The construction of the transcontinental railroad played a major role in the development of southwest Iowa, and vice-versa. The history of this era is well preserved in our depot and museum. It is the last survivor of a half-dozen passenger depots which at one time dotted the Council Bluffs landscape.
In 1984 the Society and the Greater Omaha Society of Model Railroad Engineers (GOSOME) joined forces with Council Bluffs to save one of the last remaining depots in Council Bluffs. In 1985, the City of Council Bluffs leased the Depot to the Society with instructions to restore the Depot into a tourist attraction and information center. On July 21, 1995, the Depot was placed on the National Register of Historic Places.

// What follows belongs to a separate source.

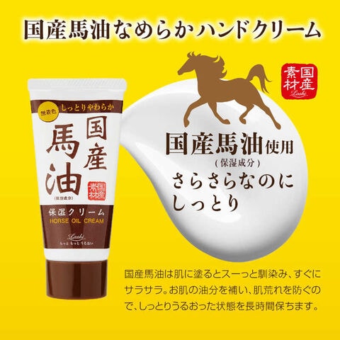 乾燥しがちな手肌に、古来から万能保湿剤として使用される馬油が、潤いを持続させます。

The renovation of the Depot and transformation into the RailsWest Railroad Museum took great effort. There was much rotted wood, much of the tile roof needed replacement, and a complete interior renovation was necessary. GOSOME relocated its extensive HO scale model railroad display from Omaha’s Western Heritage Museum, which was undergoing renovations of its own. Today the GOSOME display is located in the former freight section of the depot.
The RailsWest Railroad Museum is located in the former waiting rooms. There was a separate south waiting room for women and children, and north waiting room for men. The Museum includes a gift shop, railroad artifacts and exhibits, and the former ticket office.
The Museum has displays of dining car silverware, a telegraph office, and memorabilia such as porters' uniforms and ticket stubs. It has a large collection of daily newspapers chronicling the rise and fall of the railroads."